Del boom inmobiliario al capital humano

Aguilar advierte que la vinculación con Texas no se agota en la energía. En real estate, la cámara ya trabaja en acuerdos de cooperación B2B que buscan replicar en Neuquén algo del camino recorrido en la cuenca de Permian, donde el desarrollo petrolero obligó a planificar el crecimiento urbano con anticipación. Como ella misma señala, el real estate "no pasa nada más en pensar 'ahora se construye un edificio o una casa'", sino que implica anticipar necesidades de vivienda, escuelas y hotelería a medida que la industria crece.
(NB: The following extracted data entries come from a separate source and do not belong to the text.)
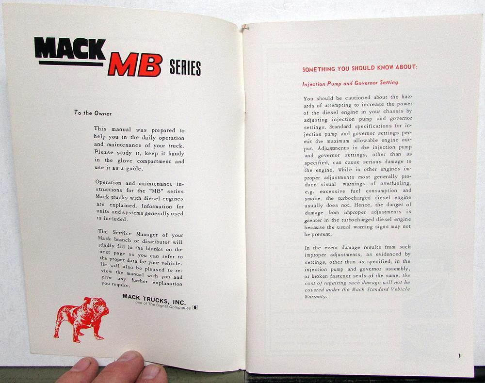 1972 Mack MB Series Trucks Operation Owners Manual. Original. TS448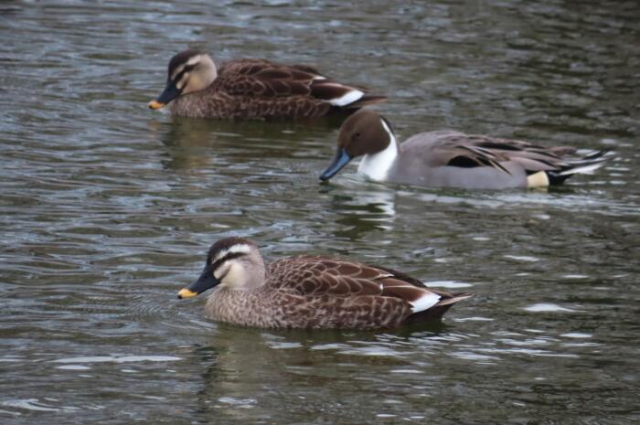 仲良く泳ぐカルガモとオナガガモ(真ん中)
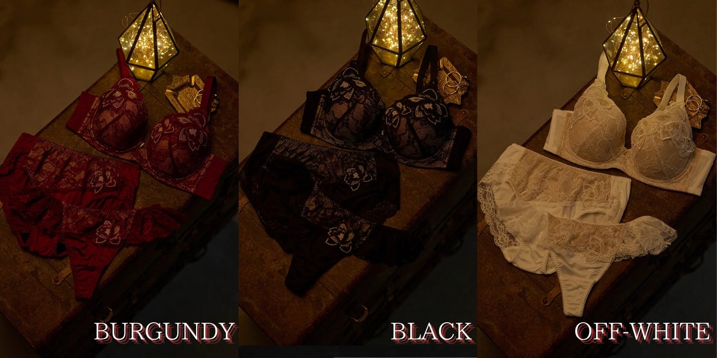 【新商品発売】特別な日ランジェリー2024登場!ペアショーツに人気のTバックも。リュクスな雰囲気の全3色展開【プラスサイズ下着専門店グラマープリンセス】

Esa misma lógica de planificación se traslada a la salud y la educación, dos frentes que la nueva presidenta ubica como prioritarios aunque por fuera del core energético de la cámara. En salud, imagina alianzas estratégicas entre Texas, Argentina y Neuquén orientadas a la transferencia de tecnología y conocimiento.

En educación, apuesta a la sinergia con universidades texanas para destrabar lo que describe como un cuello de botella de recursos humanos: además del trabajo que ya realiza el Instituto Vaca Muerta, sostiene que hacen falta herramientas —a nivel federal, provincial y también desde las propias empresas— para profesionalizar a jóvenes que salen del secundario o de trayectos técnicos y así puedan ingresar a la industria del Oil & Gas.